- About this exercise: Without the pictures, reproduce the entries below exactly.
+ + + +
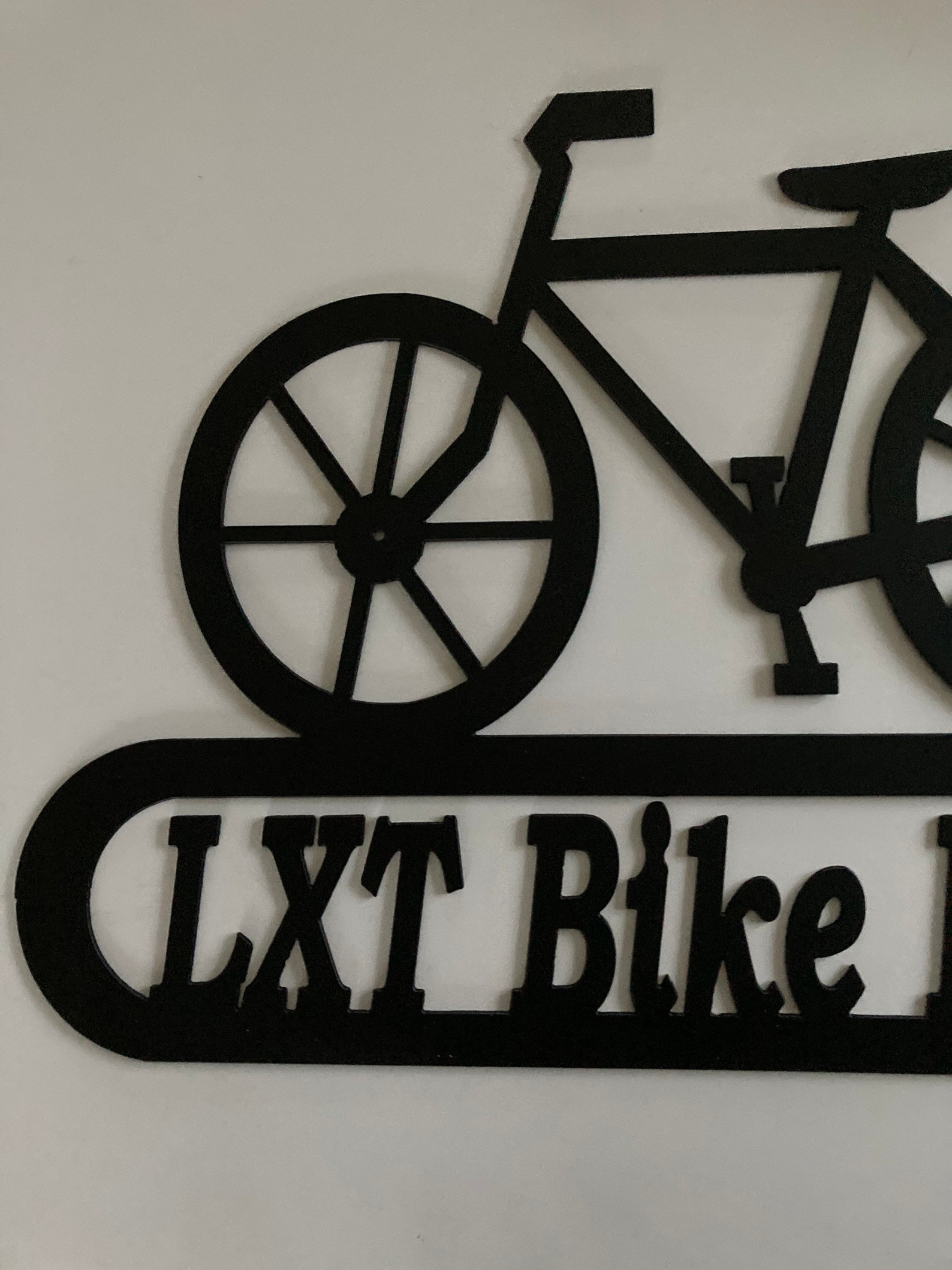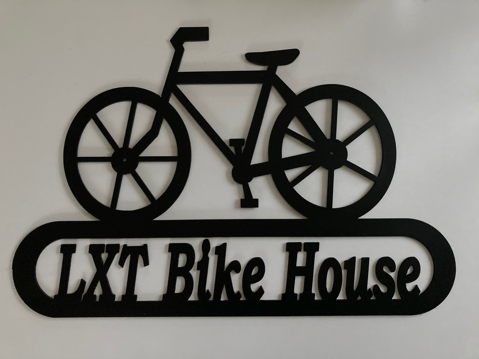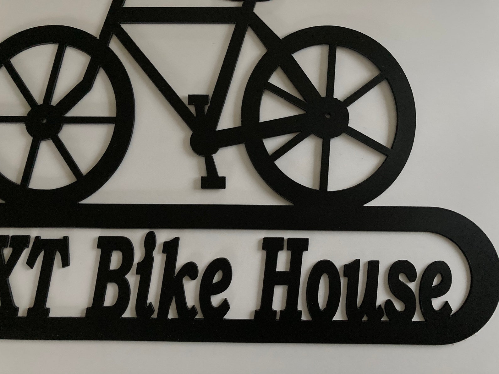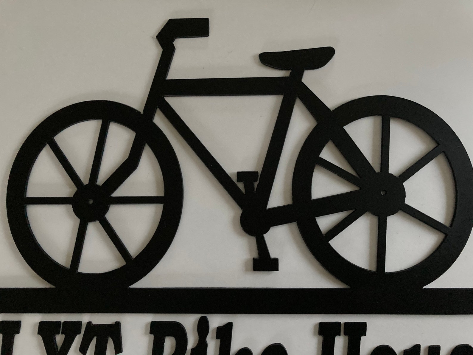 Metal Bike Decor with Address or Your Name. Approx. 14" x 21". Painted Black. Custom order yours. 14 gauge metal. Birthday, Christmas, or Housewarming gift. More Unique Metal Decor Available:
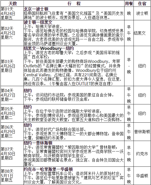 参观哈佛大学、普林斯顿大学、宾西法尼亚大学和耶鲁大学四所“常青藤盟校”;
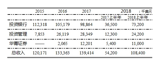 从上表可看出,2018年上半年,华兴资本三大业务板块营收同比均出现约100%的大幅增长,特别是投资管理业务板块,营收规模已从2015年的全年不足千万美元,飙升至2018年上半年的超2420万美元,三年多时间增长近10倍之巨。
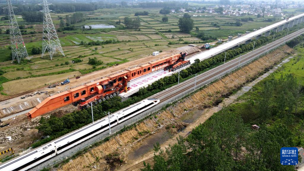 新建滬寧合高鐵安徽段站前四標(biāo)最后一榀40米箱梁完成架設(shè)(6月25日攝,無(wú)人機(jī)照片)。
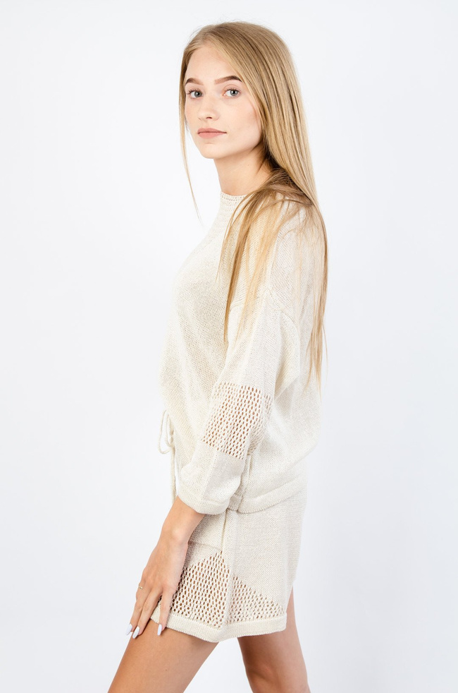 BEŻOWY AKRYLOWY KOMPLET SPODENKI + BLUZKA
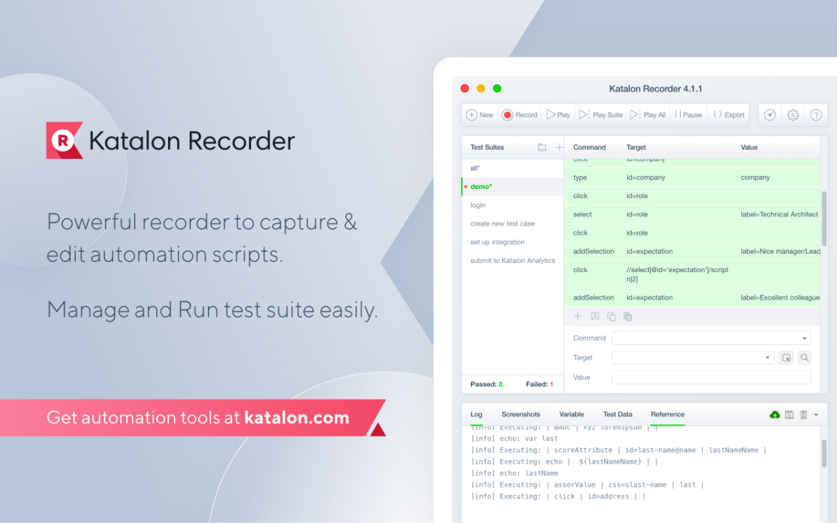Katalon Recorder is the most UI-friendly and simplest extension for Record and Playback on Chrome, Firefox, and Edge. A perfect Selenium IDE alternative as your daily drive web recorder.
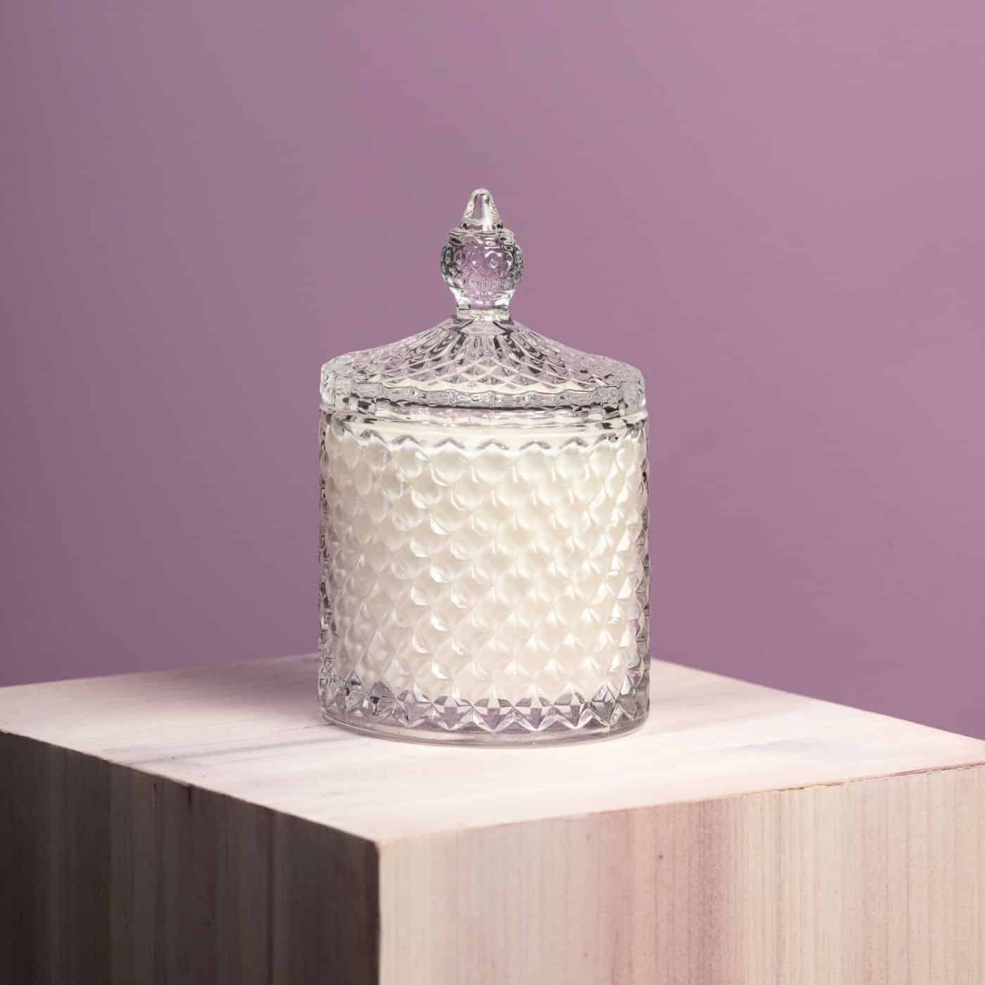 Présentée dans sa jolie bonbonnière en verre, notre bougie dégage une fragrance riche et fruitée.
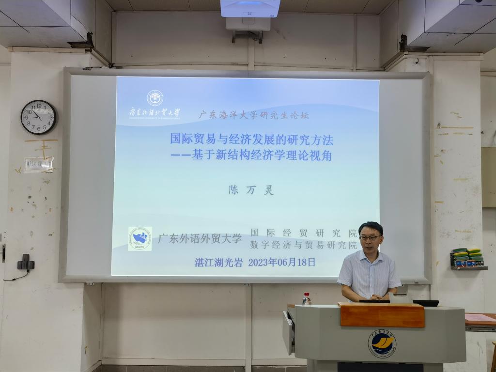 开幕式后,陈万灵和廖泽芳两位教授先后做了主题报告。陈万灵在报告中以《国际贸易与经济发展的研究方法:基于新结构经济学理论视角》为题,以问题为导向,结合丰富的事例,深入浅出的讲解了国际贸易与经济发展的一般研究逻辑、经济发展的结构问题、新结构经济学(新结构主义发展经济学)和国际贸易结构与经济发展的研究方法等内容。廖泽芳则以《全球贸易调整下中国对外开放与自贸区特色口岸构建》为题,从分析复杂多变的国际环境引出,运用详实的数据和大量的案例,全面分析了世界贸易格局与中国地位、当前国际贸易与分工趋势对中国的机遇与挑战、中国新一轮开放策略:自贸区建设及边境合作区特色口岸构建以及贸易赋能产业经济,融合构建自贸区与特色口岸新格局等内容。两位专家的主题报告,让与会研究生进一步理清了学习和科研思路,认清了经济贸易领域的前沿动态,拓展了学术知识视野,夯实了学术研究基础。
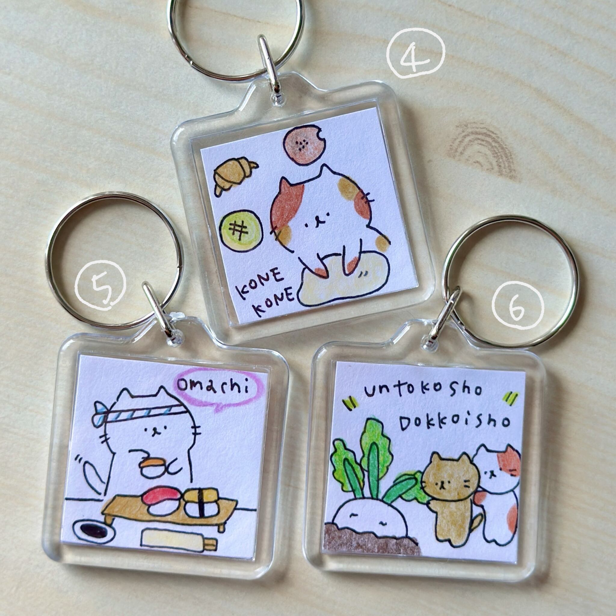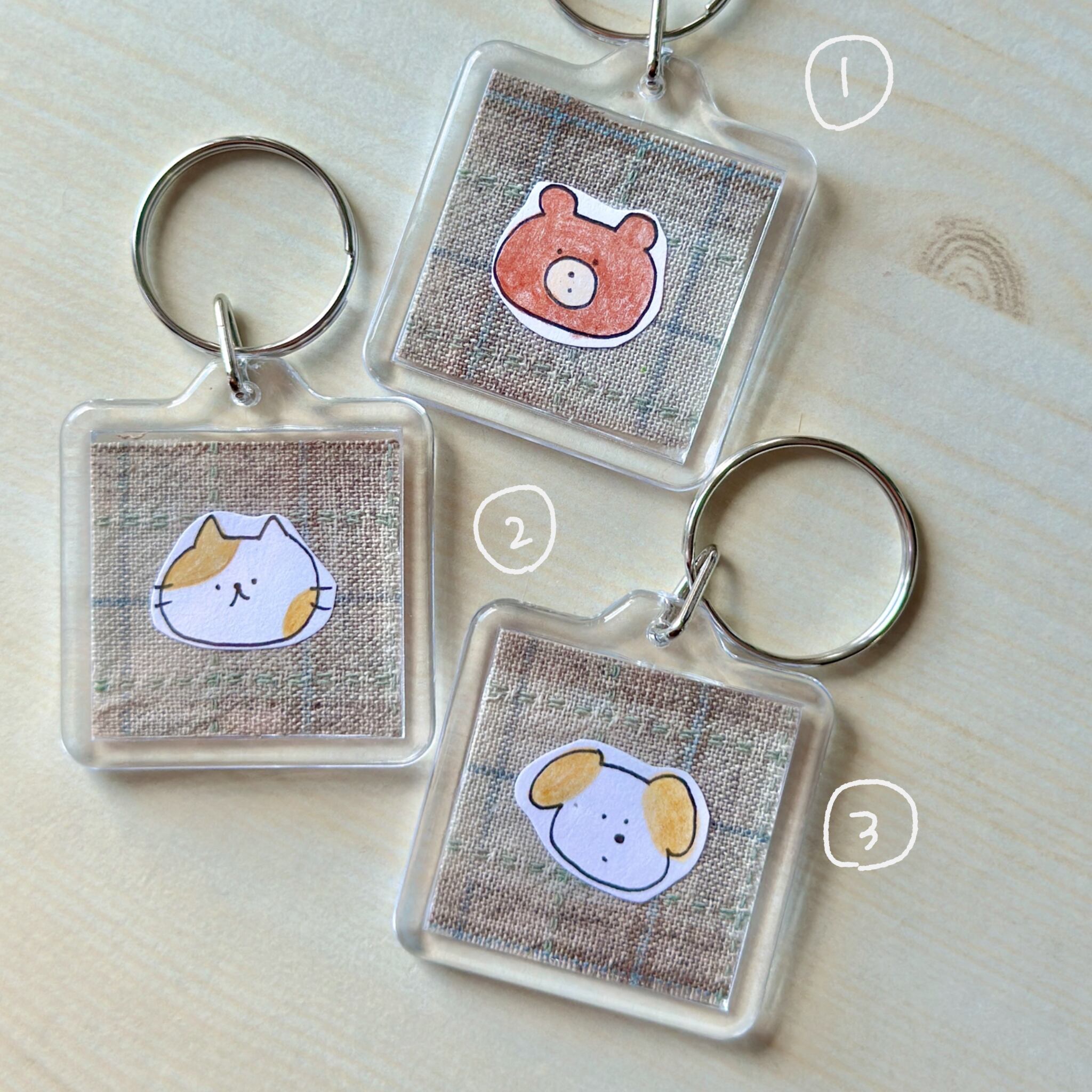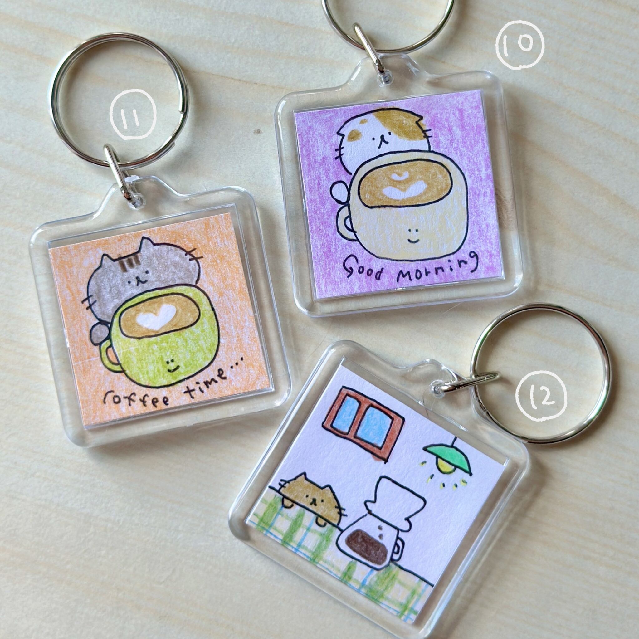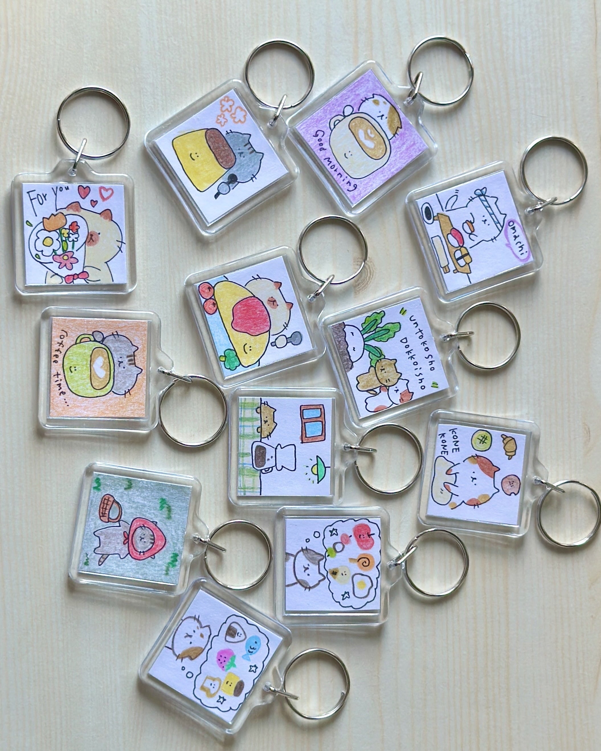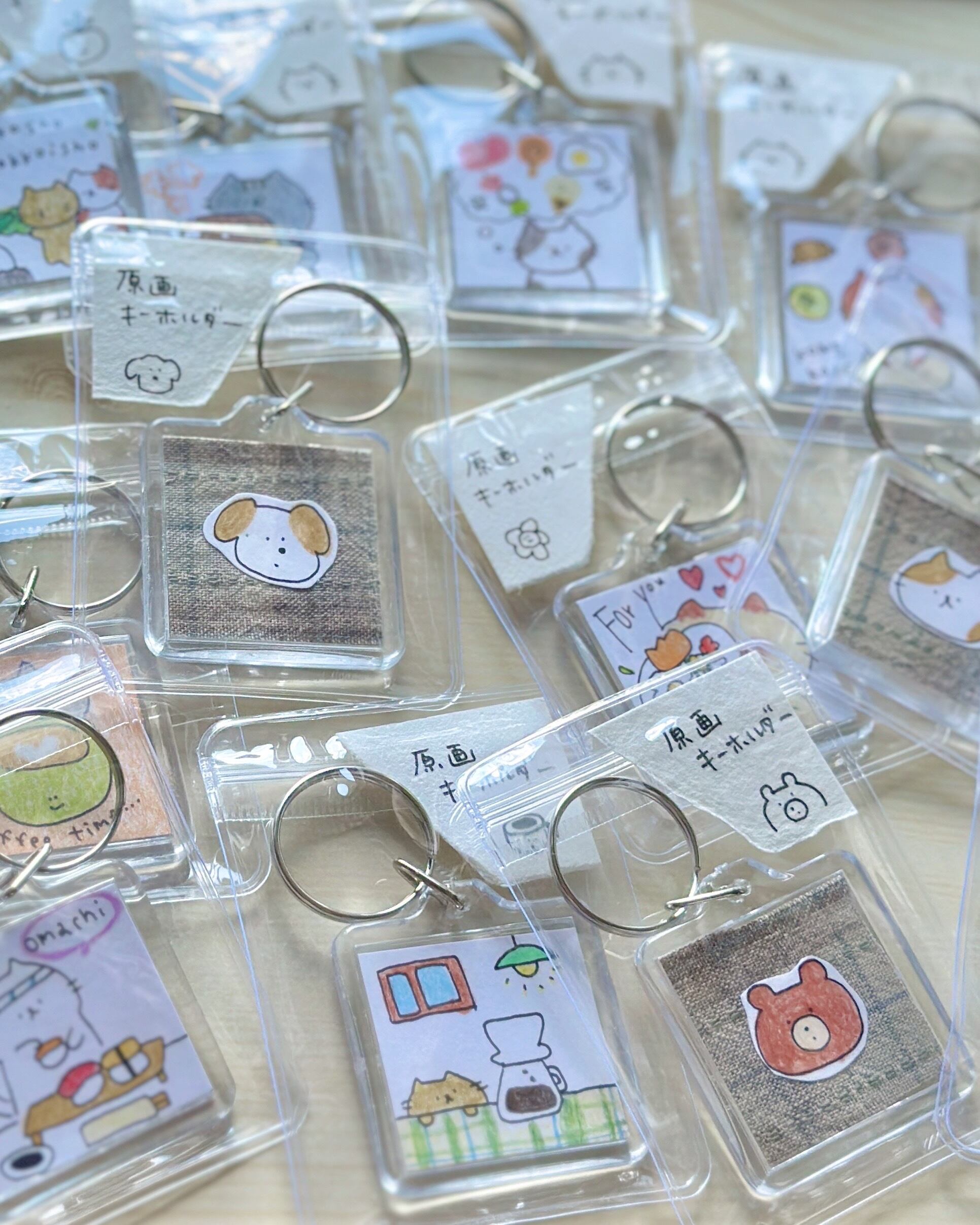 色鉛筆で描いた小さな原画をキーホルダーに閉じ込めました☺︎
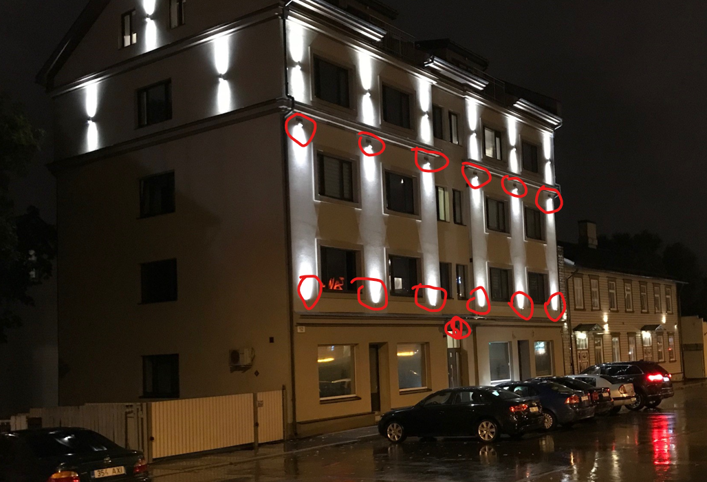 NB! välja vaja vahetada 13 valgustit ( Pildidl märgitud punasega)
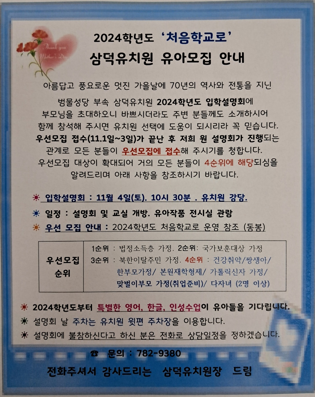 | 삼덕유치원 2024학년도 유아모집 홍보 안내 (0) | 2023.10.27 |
+ + + +
- Response for this exercise:
 Metal Bike Decor with Address or Your Name. Approx. 14" x 21". Painted Black. Custom order yours. 14 gauge metal. Birthday, Christmas, or Housewarming gift. More Unique Metal Decor Available:
 参观哈佛大学、普林斯顿大学、宾西法尼亚大学和耶鲁大学四所“常青藤盟校”;
 从上表可看出,2018年上半年,华兴资本三大业务板块营收同比均出现约100%的大幅增长,特别是投资管理业务板块,营收规模已从2015年的全年不足千万美元,飙升至2018年上半年的超2420万美元,三年多时间增长近10倍之巨。
 新建滬寧合高鐵安徽段站前四標(biāo)最后一榀40米箱梁完成架設(shè)(6月25日攝,無(wú)人機(jī)照片)。
 BEŻOWY AKRYLOWY KOMPLET SPODENKI + BLUZKA
Katalon Recorder is the most UI-friendly and simplest extension for Record and Playback on Chrome, Firefox, and Edge. A perfect Selenium IDE alternative as your daily drive web recorder.
 Présentée dans sa jolie bonbonnière en verre, notre bougie dégage une fragrance riche et fruitée.
 开幕式后,陈万灵和廖泽芳两位教授先后做了主题报告。陈万灵在报告中以《国际贸易与经济发展的研究方法:基于新结构经济学理论视角》为题,以问题为导向,结合丰富的事例,深入浅出的讲解了国际贸易与经济发展的一般研究逻辑、经济发展的结构问题、新结构经济学(新结构主义发展经济学)和国际贸易结构与经济发展的研究方法等内容。廖泽芳则以《全球贸易调整下中国对外开放与自贸区特色口岸构建》为题,从分析复杂多变的国际环境引出,运用详实的数据和大量的案例,全面分析了世界贸易格局与中国地位、当前国际贸易与分工趋势对中国的机遇与挑战、中国新一轮开放策略:自贸区建设及边境合作区特色口岸构建以及贸易赋能产业经济,融合构建自贸区与特色口岸新格局等内容。两位专家的主题报告,让与会研究生进一步理清了学习和科研思路,认清了经济贸易领域的前沿动态,拓展了学术知识视野,夯实了学术研究基础。
 色鉛筆で描いた小さな原画をキーホルダーに閉じ込めました☺︎
 NB! välja vaja vahetada 13 valgustit ( Pildidl märgitud punasega)
 | 삼덕유치원 2024학년도 유아모집 홍보 안내 (0) | 2023.10.27 |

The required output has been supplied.